> Exercise directions: Transcribe, word for word, only the lines from the one containing "6-Person Outdoor Metal" through the end of the material below. Pictures stay out.

> Data section:
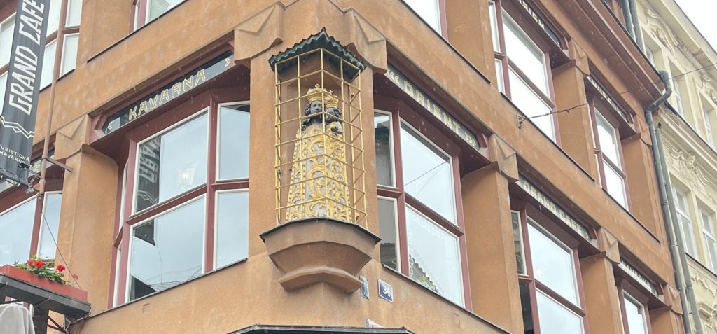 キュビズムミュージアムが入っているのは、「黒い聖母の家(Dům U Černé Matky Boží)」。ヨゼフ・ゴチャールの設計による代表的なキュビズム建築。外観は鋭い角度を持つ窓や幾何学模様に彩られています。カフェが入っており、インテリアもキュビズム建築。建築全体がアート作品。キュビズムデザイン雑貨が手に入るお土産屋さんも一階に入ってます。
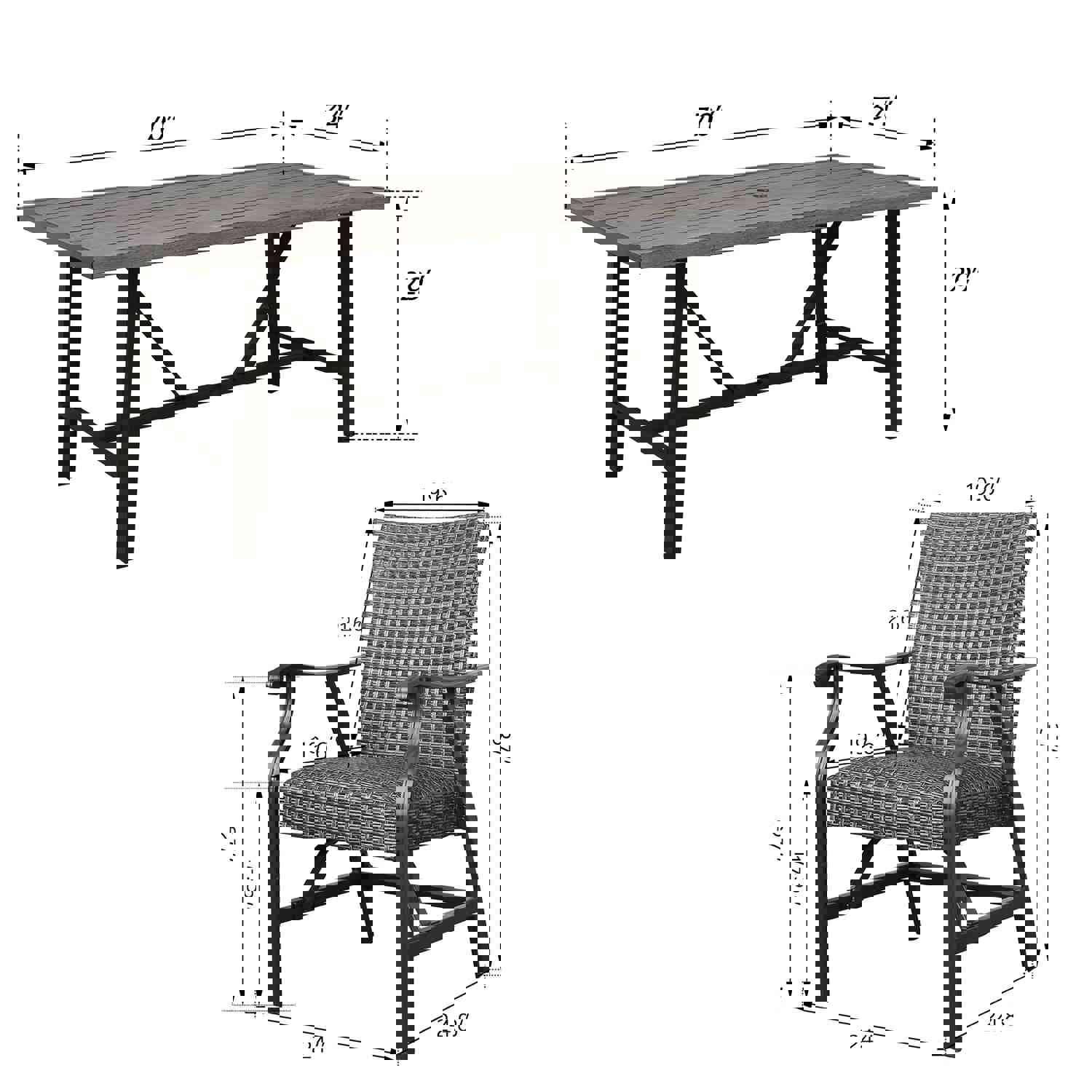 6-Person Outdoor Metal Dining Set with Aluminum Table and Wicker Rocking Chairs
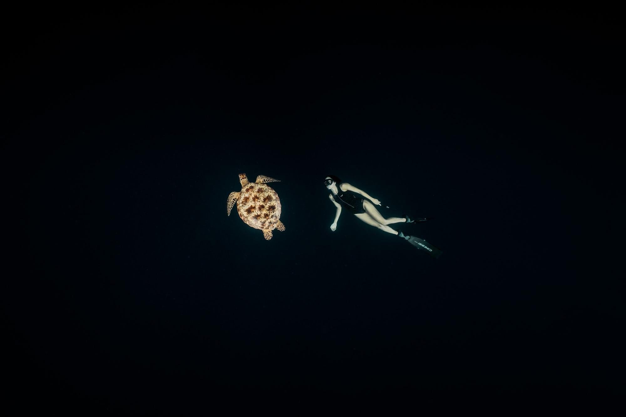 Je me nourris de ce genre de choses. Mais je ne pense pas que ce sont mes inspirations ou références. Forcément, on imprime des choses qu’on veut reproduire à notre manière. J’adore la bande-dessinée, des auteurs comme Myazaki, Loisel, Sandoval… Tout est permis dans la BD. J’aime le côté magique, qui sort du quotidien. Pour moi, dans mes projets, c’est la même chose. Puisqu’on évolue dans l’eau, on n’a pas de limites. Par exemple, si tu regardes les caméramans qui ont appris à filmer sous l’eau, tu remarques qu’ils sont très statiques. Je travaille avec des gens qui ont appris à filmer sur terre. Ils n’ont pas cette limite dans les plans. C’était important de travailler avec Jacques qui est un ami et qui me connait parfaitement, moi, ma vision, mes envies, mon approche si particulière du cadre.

> Answer to the exercise:
 6-Person Outdoor Metal Dining Set with Aluminum Table and Wicker Rocking Chairs
 Je me nourris de ce genre de choses. Mais je ne pense pas que ce sont mes inspirations ou références. Forcément, on imprime des choses qu’on veut reproduire à notre manière. J’adore la bande-dessinée, des auteurs comme Myazaki, Loisel, Sandoval… Tout est permis dans la BD. J’aime le côté magique, qui sort du quotidien. Pour moi, dans mes projets, c’est la même chose. Puisqu’on évolue dans l’eau, on n’a pas de limites. Par exemple, si tu regardes les caméramans qui ont appris à filmer sous l’eau, tu remarques qu’ils sont très statiques. Je travaille avec des gens qui ont appris à filmer sur terre. Ils n’ont pas cette limite dans les plans. C’était important de travailler avec Jacques qui est un ami et qui me connait parfaitement, moi, ma vision, mes envies, mon approche si particulière du cadre.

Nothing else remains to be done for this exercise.